DECEMBER 19, 1997 REMARKS
TO THE INDUSTRIAL COMMISSION
BY THE HONORABLE SIDNEY S. EAGLES
JUDGE OF THE N.C. COURT OF APPEALS
Ladies and gentlemen:
We are here today to swear in two new Commissioners [Renée C. Riggsbee and Christopher Scott], and I do not want to detract from the honor due them. But at their invitation I would like to talk briefly today about the importance of the work of our Industrial Commission. As you know, the Commission has reason to be a little schizophrenic-it is a creature of the Executive Branch of our State Government, but it is also a vital and indispensable part of the judicial system.
Much of the work of the Industrial Commission involves administering the Workers' Compensation system. Effective administration of this system is extremely important to the working families of North Carolina and their employers as well as to the judicial system. "The purpose of the Workers' Compensation act is not only to provide a swift and certain remedy to an injured worker, but also to insure a limited and determinate liability for employers." Barnhardt v. Yellow Cab.
More than one billion dollars is paid in workers' compensation insurance premiums by North Carolina businesses and employers each year. This is a substantial financial cost to employers. Injured workers' families, of course, may well be entirely dependent on workers' compensation medical and indemnity benefits. Without these payments, injured workers' families might be unable to cope financially.
I serve on the Court of Appeals where appeals from the full Commission comprise a little over 10% of our appellate case load this year (74 cases at mid year and about 140 right now). While that is a lot, we recognize that we see only the "tip of the iceberg" of your workload.
But I need not tell you that the Industrial Commission is a high volume business. Last year you handled 87,000 claims and supervised payment of over $208 million dollars in medical benefits and almost $311 million in compensation altogether. Together your cooperative efforts have reduced the case backlog from over 6000 cases down to fewer than 700. Particularly significant is the remarkable success of your mediation program which in 1996-97 resulted in 67% of the cases referred to mediation being settled without hearing. This kind of success has cut more than 4000 cases out of the hearing process in one year. Also of additional significance is the 37,000 inquiries you all field from citizens and potential beneficiaries. Your being available to help injured employees and their families with straight, unbiased information is beyond value to people in time of stress. Whether you are a Deputy Commissioner, in the Claims Department, the Statistical Section or whatever part you play in this system, you obviously have worked hard. On behalf of the people of North Carolina, I am here to say thank you. Your work is important, it is valuable and we appreciate it.

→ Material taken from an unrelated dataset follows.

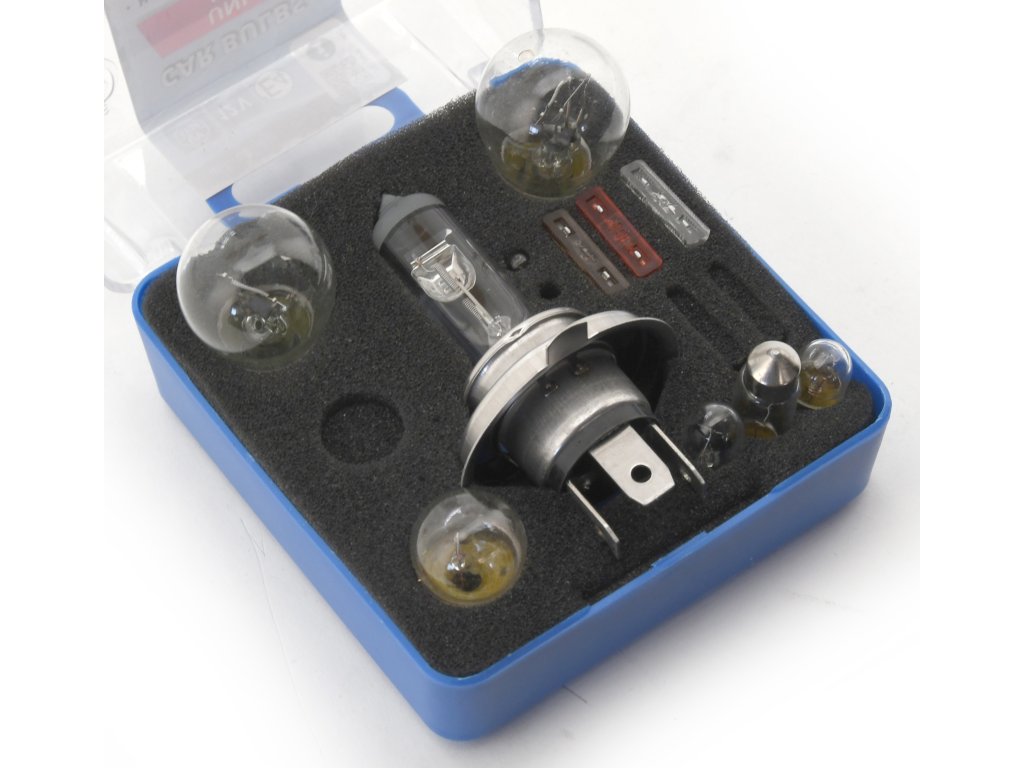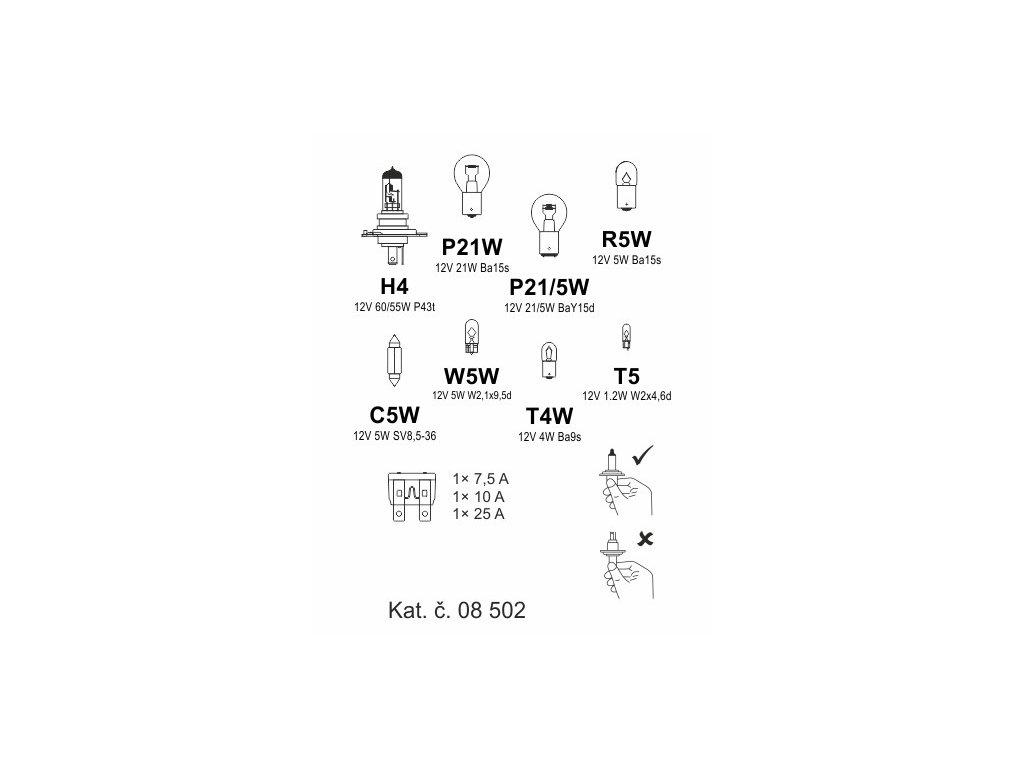 Plastová krabička náhradních autožárovek a pojistek, homologace E.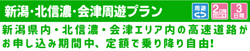 対象エリア外の料金は、「新潟観光ドライブパス」の料金とは別途、通常の料金(ETC時間帯割引が適用される場合、ETC時間帯割引適用後の料金)をETCカードにより決済いたします。

When injury strikes a North Carolina worker, more people than just the injured person are affected. If the worker is married or has dependents, her or his spouse and dependents probably are worried about how the bills are going to be paid on a timely basis. Family members notice the stress and how it builds up after the injury and before workers' compensation benefits actually begin to reach the family. This is tough on everyone at anytime but around family holidays, we are especially grateful to you who continue to work to assure prompt flow of appropriate benefits and timely resolution of claims. Your efforts to see that workers' compensation claims move expeditiously is largely taken for granted. But today, as we add to the Commission two new Commissioners to help increase your effectiveness, I want to say thank you for your hard work and great accomplishments these last several years. Because neither you at the Commission, nor we in the judiciary, are 100% current in our work, I want to ask that you rededicate your efforts in the coming year to the prompt and fair resolution of claims so that workers and their employers will have the least possible inconvenience and delay and unnecessary cost.
I am here to ask you to rededicate yourself to do even more. Let's be clear whose work is most important here. I am not talking about just the Chairman and the Commissioners or even the Deputy Commissioners. I mean to say thank you to everyone-from the least among us-the newest employee as well as the career veteran-the least well paid along with the 30 year veteran supervisor. Thank you and pour it on. Please remember that each day that you shorten the workers' compensation process means lower costs to employers and greater peace of mind for employees. Each of you at the Commission is a vital part of getting cases handled properly and efficiently. Once again, thank you for the work you have done, are doing, and will do. Your work is very important to the people of North Carolina.